Yeedarsh fumbled for his keys.
‘Yeedarsh?’ said Imogen.
‘Hmm.’
‘You know the place where you found me – the courtyard.’
He ushered her inside. ‘Yes, I know it. Keep your voice down.’
‘Sorry …’ She lowered her voice to a whisper. ‘You know there’s a statue of a skret.’
‘Get to the point.’
‘It was holding a moth.’
‘So what?’
‘It’s just that I’ve seen a moth like that before.’
Now she had his attention. ‘Go on.’
‘I was curious … Why was the moth with the skret? What kind of moth is it?’
His beady-eyed stare made her uncomfortable. ‘Curiosity killed the wildcat.’
‘That’s not the saying. It’s—’
‘It’s not a saying, idiot child. It’s a fact.’
‘Okay. I … I guess I’ll go to bed now. Thanks for coming to get me.’
‘Oh, no you don’t.’ Yeedarsh grabbed her by the scruff of the neck. ‘You’re coming with me.’
‘But I’m tired!’
‘So am I, little peasant, but, if you’ve seen the moth that I think you’ve seen, it could be important. So, tired as I am, we’re going to the library.’
The king’s collection was scattered throughout the castle, and the library was no exception. Globes charted unfamiliar lands. Tables were strewn with snake heads and amulets.
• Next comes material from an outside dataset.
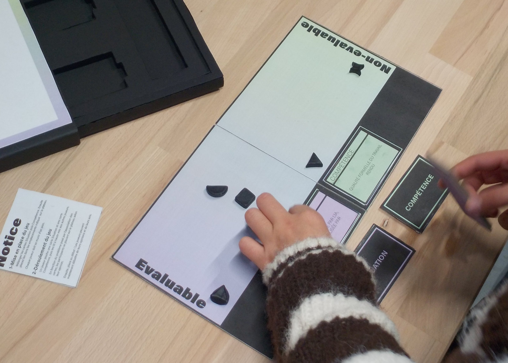 Le plateau de jeu est une jauge qui permet de se positionner entre Évaluable et Non-évaluable. Les joueur·euses choisissent un pion qui les représente, puis pioche une carte Situation qui traduit le contexte de l’utilisation de l’IA dans un travail scolaire et une carte Compétence qui définit la compétence qui doit être évaluée. Enfin, les participant·es se positionnent et débattent ensemble.
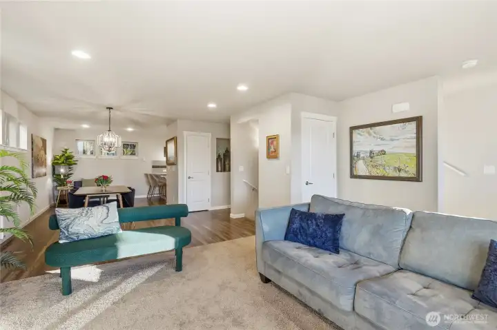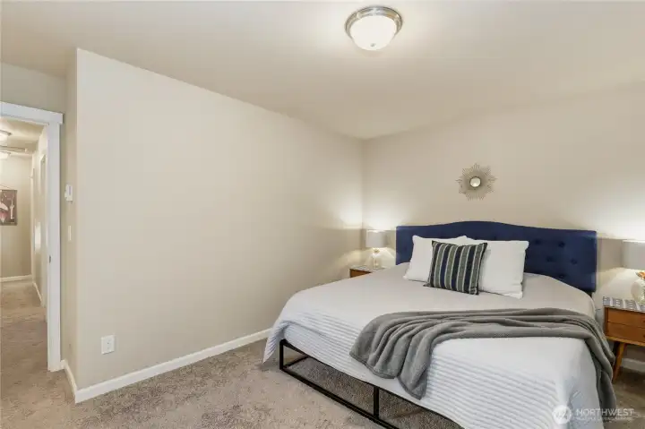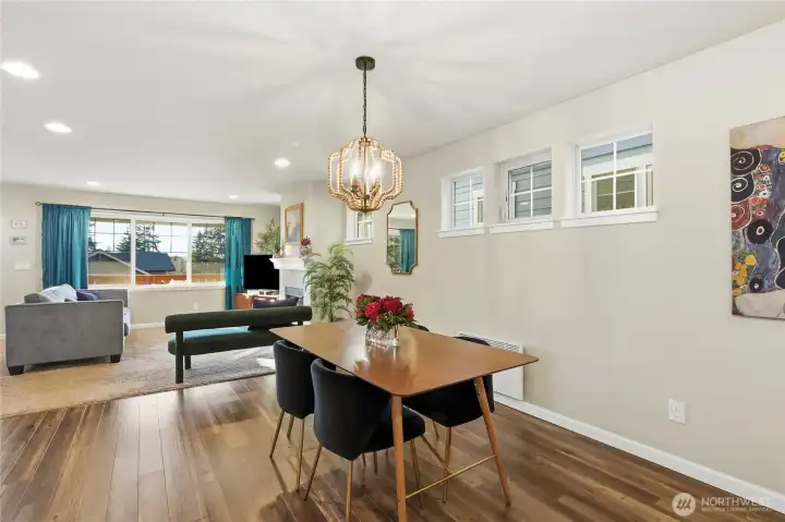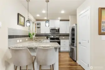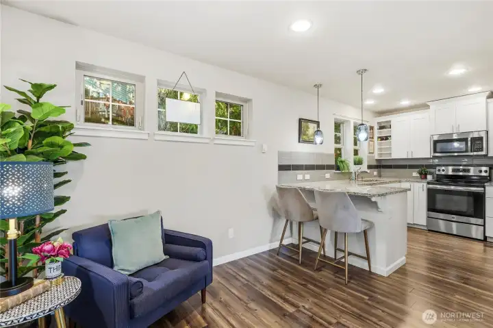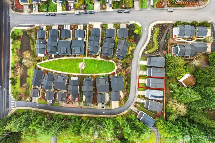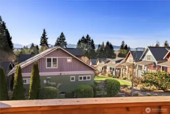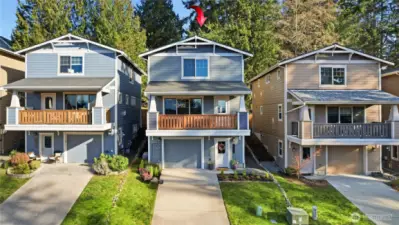 Beautiful low-maintenance NW craftsman home in Snowberry Bungalows. Built in 2017 and thoughtfully designed across three levels. Enjoy striking Mountain and Sound views. The main floor offers a bright living room with a gas fireplace, a stylish kitchen with quartz counters, stainless steel appliances, a cozy nook, and access to a spacious front deck. The top floor includes two bedrooms, a full bath, and a serene primary bedroom with an en-suite bath. The lower level provides a flexible den or office space, plus a half bath. A 2-car tandem garage and radiant wall heat add convenience and energy efficiency to this exceptional home. Convenient to shopping, freeway, and just 20 minutes to Seattle ferries.

These objects were the stars of the show. The books that lined the walls, from the floor right up to the high ceiling, were just a backdrop. King Drakomor didn’t collect stories.
Yeedarsh tutted as he walked past the chessboards. Black and white pieces were strewn across the floor, as Imogen and Miro had left them. Yeedarsh stooped to pick up the black king. His knees creaked. ‘It’s always the way,’ he said, placing the king in the middle of the board.